The Florida Senate has voted against requiring people with houses worth $300,000 or more in much of the state to buy hurricane shutters the next time they make any major home improvement.
Critics said too many people simply can’t afford installing shutters that cost at least a few thousand dollars and as much as $40,000.
But backers of the proposal said if Florida doesn’t start forcing people to make their homes stronger, a big hurricane season could wipe out the state’s budget and hit every homeowner with big assessments.
Senators who voted against the shutter requirement also stripped from the bill another section aimed at increasing the number of houses having them.
That part of the bill would have required anyone in certain high-risk parts of the state with a $300,000 or better insurance policy from state-backed Citizens Property Insurance, the largest home insurer in Florida, to get shutters to keep their policy.
The effort to strip the two shutter requirements from a broad bill (SB 1864) on hardening homes was led by two Tampa Bay-area Republicans, Sen. Mike Fasano of New Port Richey and Sen. Ronda Storms of Tampa.
Florida’s residents should be enticed, rather than required, to put hurricane protections on their houses, they said.
“This bill takes a mallet and smacks them over the head if they don’t do it,” Storms said. “It may cost you everything that you have to add shutters.”
But Sen. Bill Posey and others said if Florida doesn’t do more to make residents upgrade their homes, they won’t.
With a big hurricane, Citizens won’t have enough to pay claims, said Posey, R-Rockledge, and that will mean huge assessments for every insurance policy holder.
“It’s a serious, serious dilemma this state faces,” Posey said. “Some of this may seem like its very, very aggressive. That’s because it is very, very aggressive. If it happens and we’re not ready it’s not because I didn’t try to get us ready.”

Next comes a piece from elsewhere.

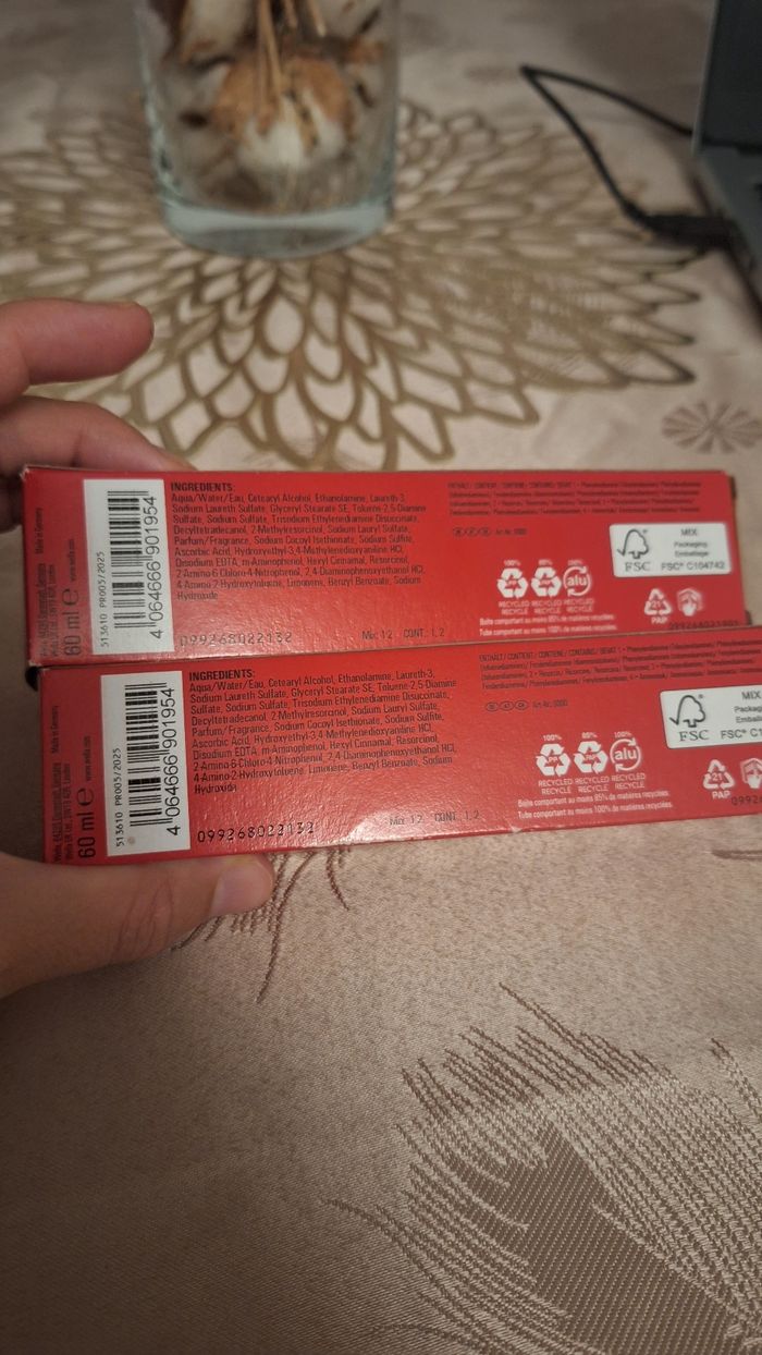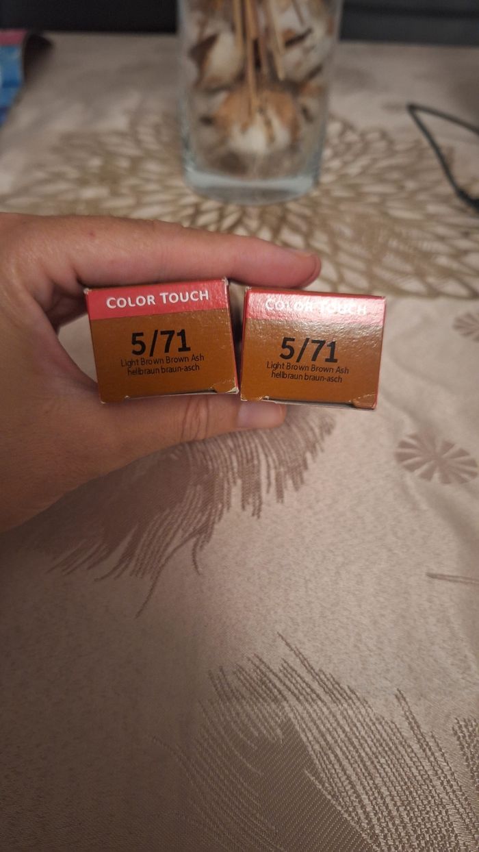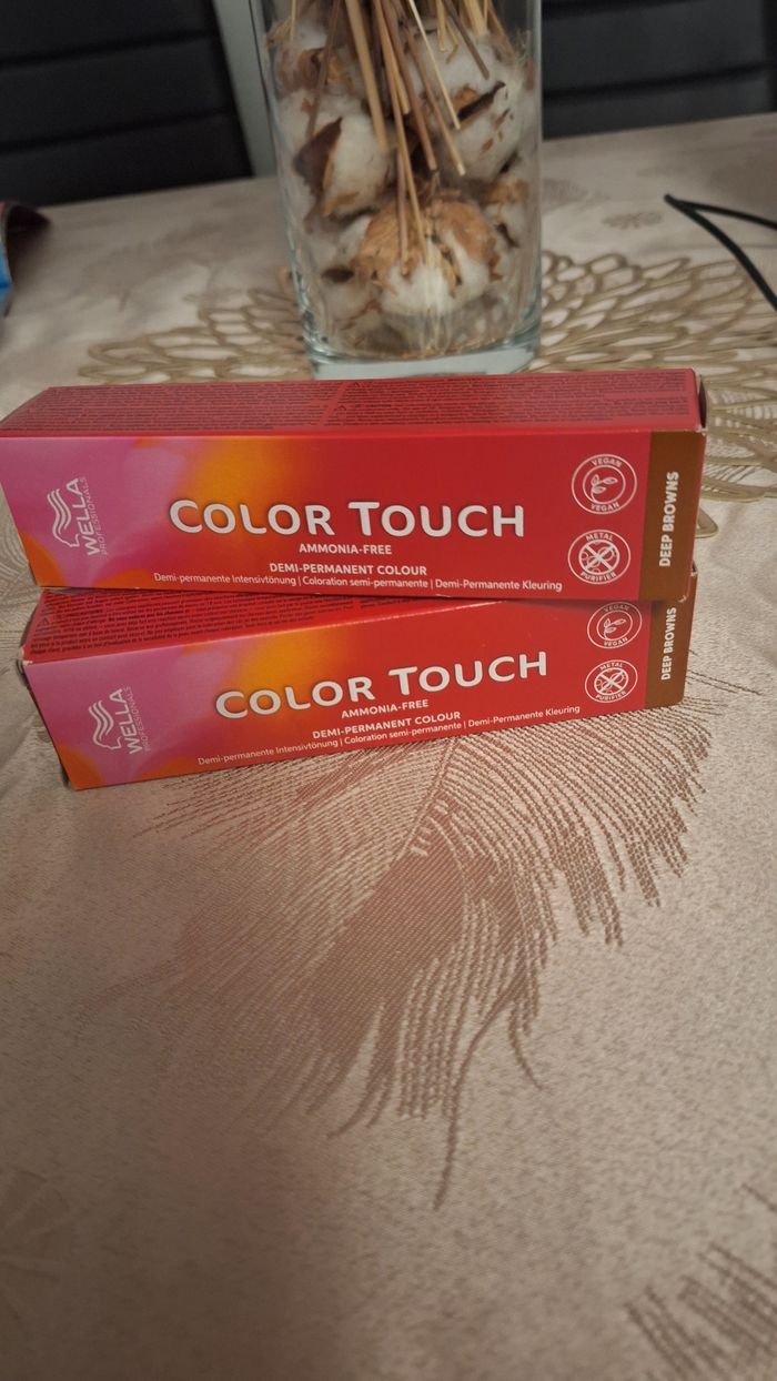 Bonjour Je vends ce lot de 2 teintures neuves ⚠️Vendu sans l'oxydant ✴️Forme de l'article Crème ✴️Type de cheveux :Normal ✴️2 tubes ✴️De la marque Wella professionnals ✴️Gamme Color Touch ✴️Sans ammoniaque ✴️Coloration semi-permanente ✴️Teinte brillante à la cire d'abeille n°5/71 ✴️Coloration de 60 ml pour chaque tube ✴️Peut être mélangée entre elles ✴️Dure jusqu'à 24 lavages

Posey said legislation passed in January is starting to be reflected in new rate filings that will require bigger discounts on insurance for buying shutters to defray some of the cost. Ultimately, the solution to high insurance rates is less damage, he said.
“The answer to this thing is hardening properties up front, biting the bullet, taking the bad medicine. Nobody enjoys this,” Posey said.
The part of the bill that would have forced many Citizens Property customers to get shutters was stripped on a 21-12 vote. The section dealing with anyone making an upgrade was removed with a 22-12 vote.
While those proposals were rejected this week, it’s possible they could still be approved — a requirement for buying shutters when a home improvement is made is included in another bill (SB 2836) the Senate already passed. Some senators who opposed it said Monday they hadn’t realized the same language was in that bill passed last week. That bill is still available for a House vote, although Storms and Fasano said they’d work with House members to try to remove the shutter language there.
Posey said it didn’t make sense that senators voted it down this week after approving it last week.
“They don’t read the stuff, they’re too busy writing speeches,” said Posey. “They seem adamant that we do everything possible to keep this state unguarded.”